Provided information: Begin

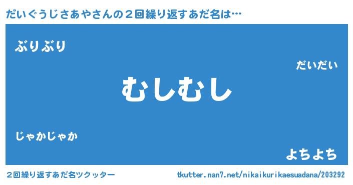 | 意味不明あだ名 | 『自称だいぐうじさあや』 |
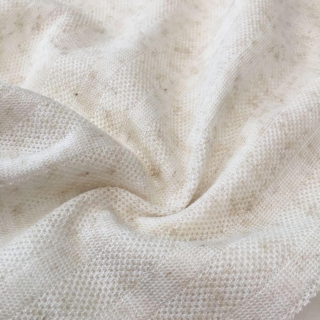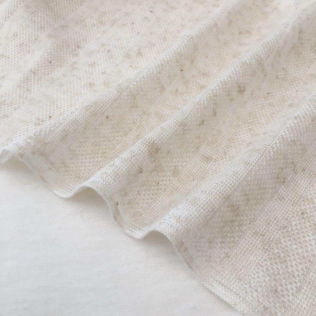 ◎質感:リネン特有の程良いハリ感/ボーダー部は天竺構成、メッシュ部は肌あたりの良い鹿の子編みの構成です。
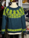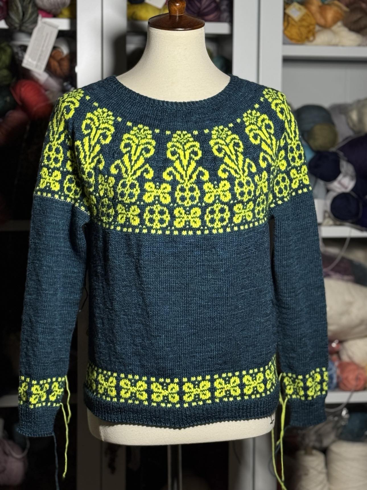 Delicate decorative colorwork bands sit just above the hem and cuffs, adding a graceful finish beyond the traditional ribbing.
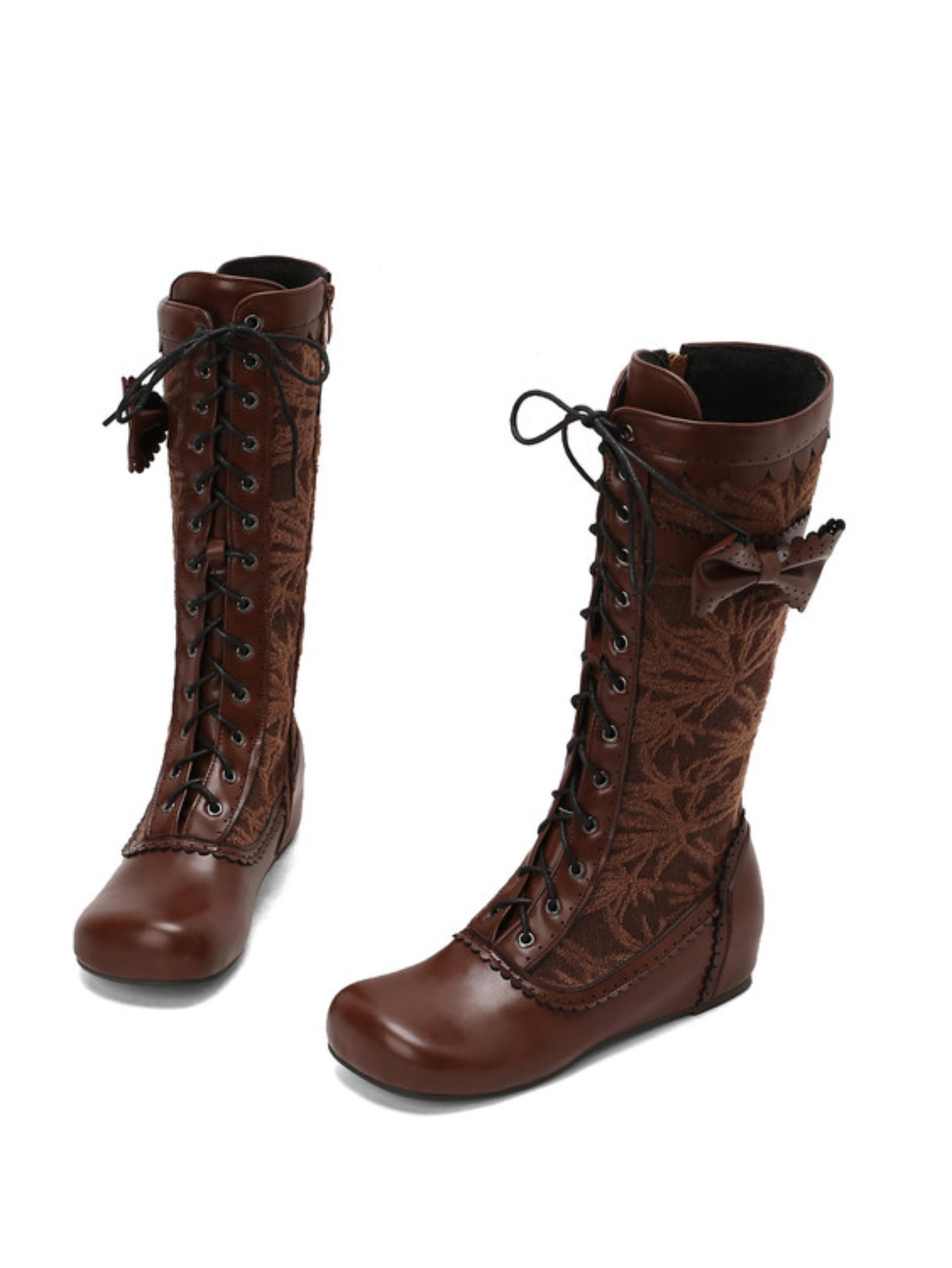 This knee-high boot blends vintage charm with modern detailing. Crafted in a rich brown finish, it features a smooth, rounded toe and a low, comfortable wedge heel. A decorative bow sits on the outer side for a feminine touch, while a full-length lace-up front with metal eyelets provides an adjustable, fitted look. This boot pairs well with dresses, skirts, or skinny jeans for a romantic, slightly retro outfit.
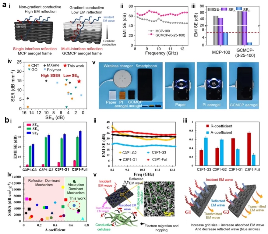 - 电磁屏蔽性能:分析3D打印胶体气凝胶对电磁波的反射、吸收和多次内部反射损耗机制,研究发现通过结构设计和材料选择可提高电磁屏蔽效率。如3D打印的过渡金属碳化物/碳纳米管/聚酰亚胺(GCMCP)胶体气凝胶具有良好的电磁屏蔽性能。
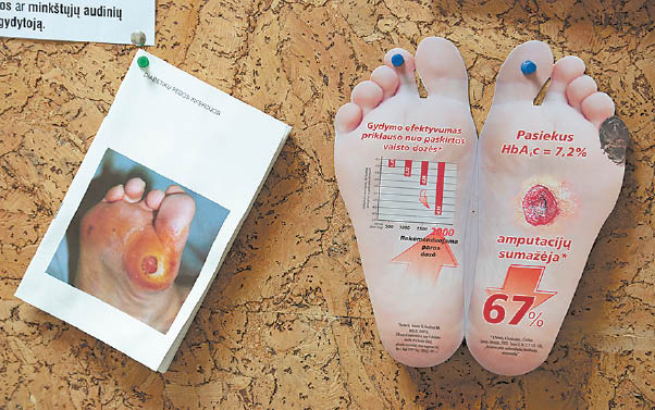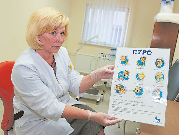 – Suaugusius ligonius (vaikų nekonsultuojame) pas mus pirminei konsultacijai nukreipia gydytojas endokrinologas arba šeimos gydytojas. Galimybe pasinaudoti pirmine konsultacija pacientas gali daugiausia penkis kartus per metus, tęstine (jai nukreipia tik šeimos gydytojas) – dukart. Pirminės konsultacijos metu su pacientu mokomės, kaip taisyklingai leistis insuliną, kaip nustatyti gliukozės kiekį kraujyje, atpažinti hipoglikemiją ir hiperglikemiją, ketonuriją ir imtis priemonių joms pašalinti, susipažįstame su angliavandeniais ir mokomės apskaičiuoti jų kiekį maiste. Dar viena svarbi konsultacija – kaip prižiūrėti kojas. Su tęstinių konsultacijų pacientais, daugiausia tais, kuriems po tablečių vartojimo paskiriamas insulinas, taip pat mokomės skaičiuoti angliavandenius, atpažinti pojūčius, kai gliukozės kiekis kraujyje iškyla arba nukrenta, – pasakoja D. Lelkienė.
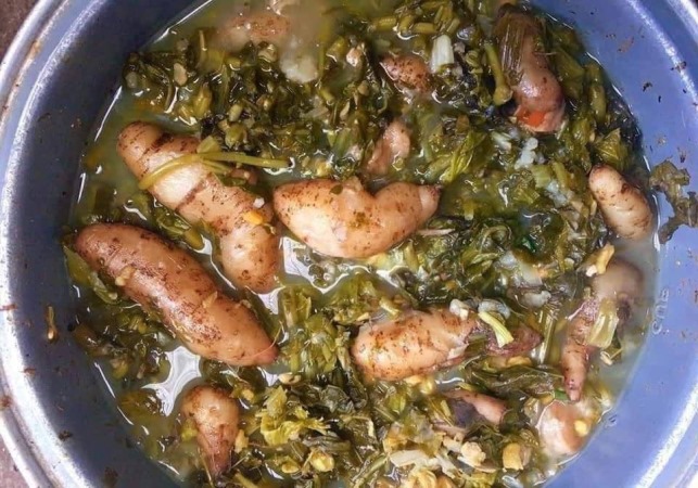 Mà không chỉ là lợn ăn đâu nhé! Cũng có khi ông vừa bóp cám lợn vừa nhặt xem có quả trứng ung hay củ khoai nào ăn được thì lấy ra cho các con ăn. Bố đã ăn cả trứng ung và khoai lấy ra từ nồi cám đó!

Provided information: End
Provided information: Begin

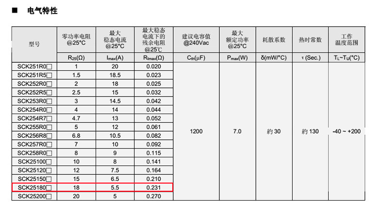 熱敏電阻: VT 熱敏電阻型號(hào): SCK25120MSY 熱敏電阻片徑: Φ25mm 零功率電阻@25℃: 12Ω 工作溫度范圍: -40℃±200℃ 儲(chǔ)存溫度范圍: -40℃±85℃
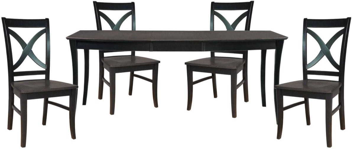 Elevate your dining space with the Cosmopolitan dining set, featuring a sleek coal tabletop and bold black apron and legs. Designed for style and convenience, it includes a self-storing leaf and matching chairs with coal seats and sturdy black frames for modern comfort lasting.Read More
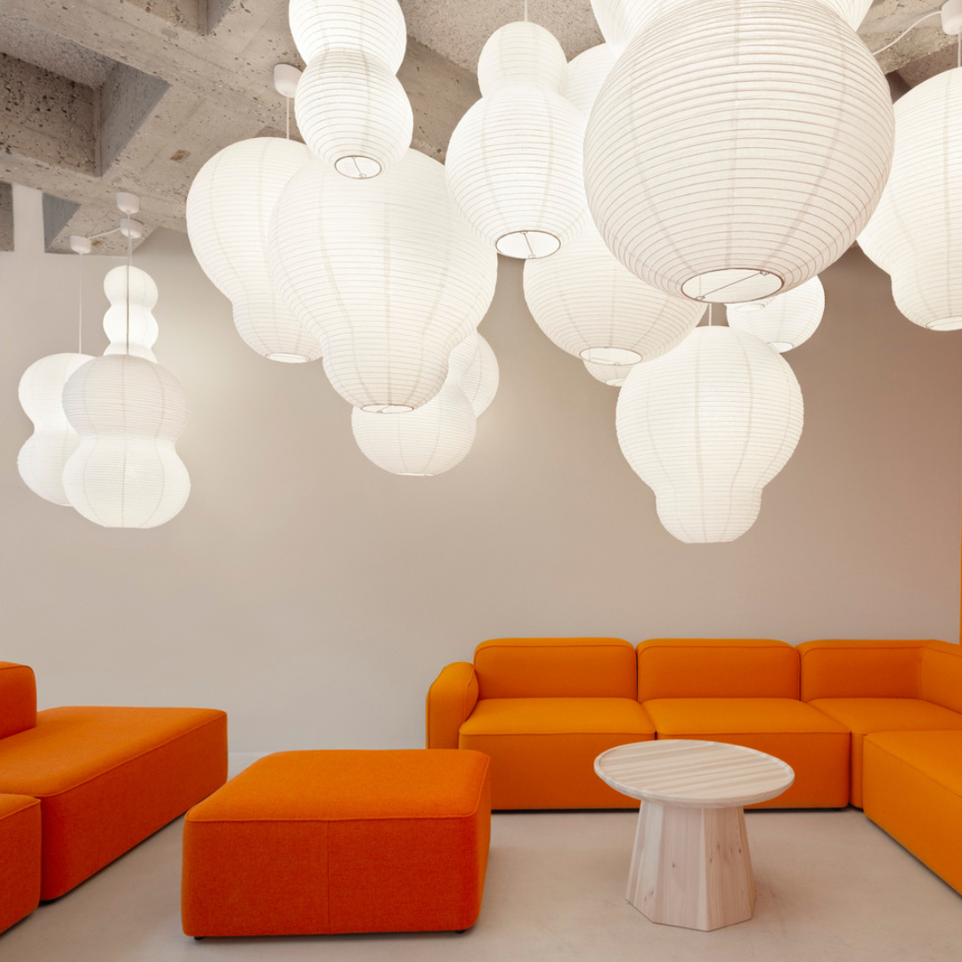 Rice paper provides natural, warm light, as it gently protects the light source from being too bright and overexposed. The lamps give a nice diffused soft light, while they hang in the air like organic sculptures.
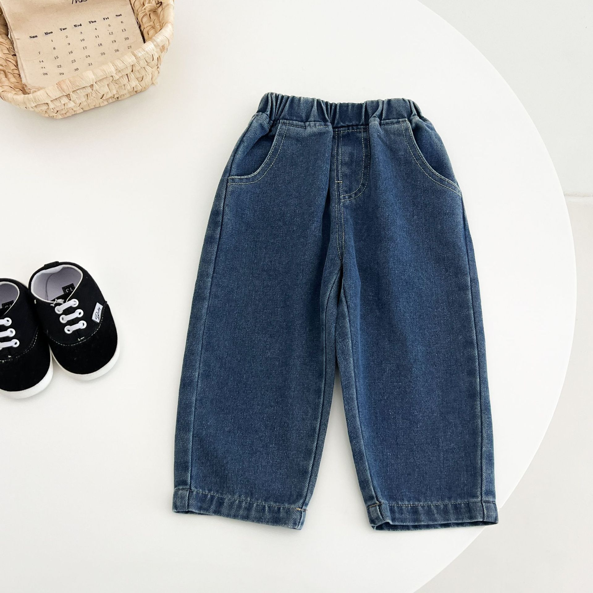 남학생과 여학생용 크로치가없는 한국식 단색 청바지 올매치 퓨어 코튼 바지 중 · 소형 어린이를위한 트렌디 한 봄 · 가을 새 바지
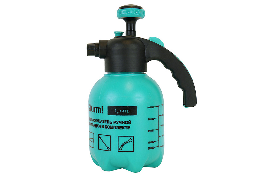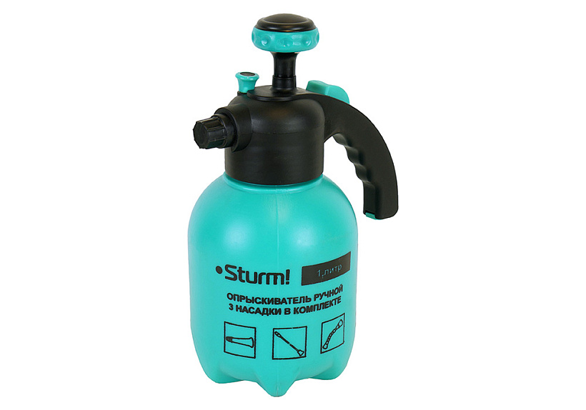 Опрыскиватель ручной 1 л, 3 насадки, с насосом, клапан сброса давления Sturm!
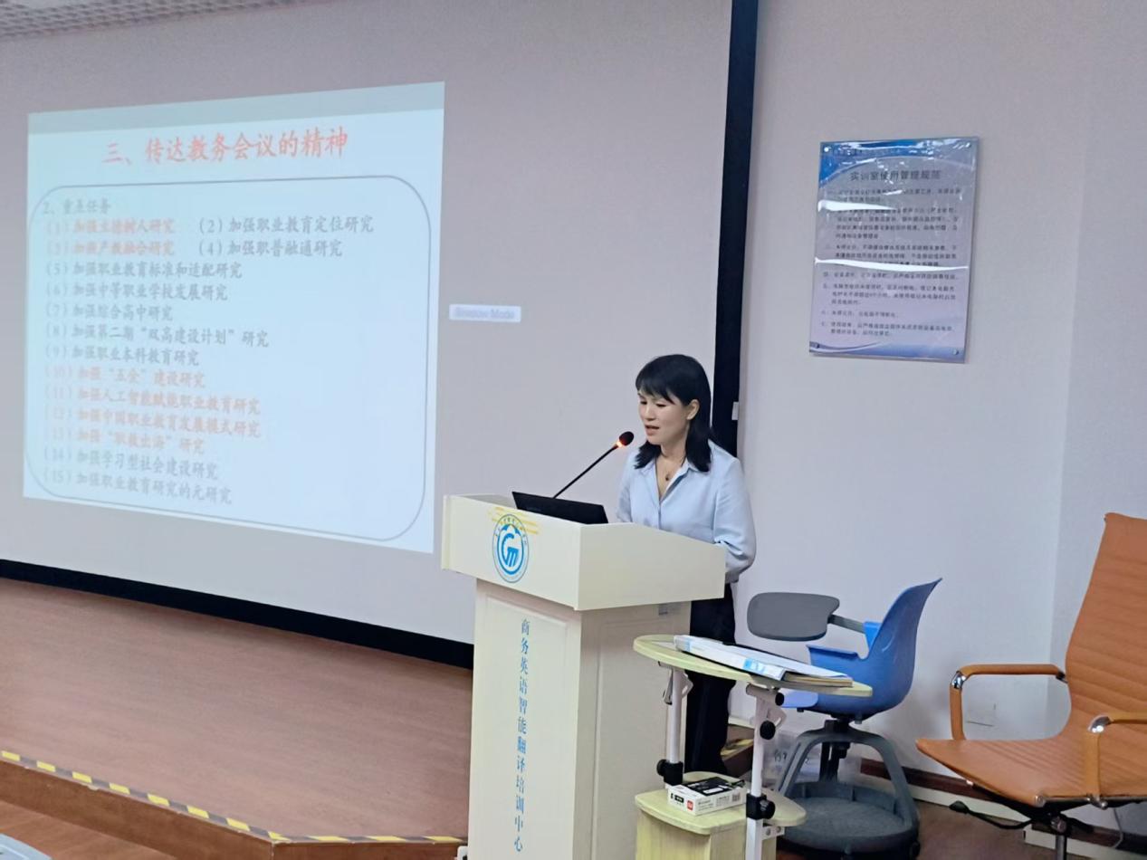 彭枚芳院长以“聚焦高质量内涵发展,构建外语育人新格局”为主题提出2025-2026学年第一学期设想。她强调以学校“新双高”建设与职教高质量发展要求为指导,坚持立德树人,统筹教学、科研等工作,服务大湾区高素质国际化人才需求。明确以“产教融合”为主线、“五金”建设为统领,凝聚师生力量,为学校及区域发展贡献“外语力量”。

Provided information: End

### Problem description
Would you restate, exactly and with no pictures, the lines of the entries above from the one containing "Rice paper provides" through the one containing "Опрыскиватель ручной 1"?

### Finished exercise
 Rice paper provides natural, warm light, as it gently protects the light source from being too bright and overexposed. The lamps give a nice diffused soft light, while they hang in the air like organic sculptures.
 남학생과 여학생용 크로치가없는 한국식 단색 청바지 올매치 퓨어 코튼 바지 중 · 소형 어린이를위한 트렌디 한 봄 · 가을 새 바지
 Опрыскиватель ручной 1 л, 3 насадки, с насосом, клапан сброса давления Sturm!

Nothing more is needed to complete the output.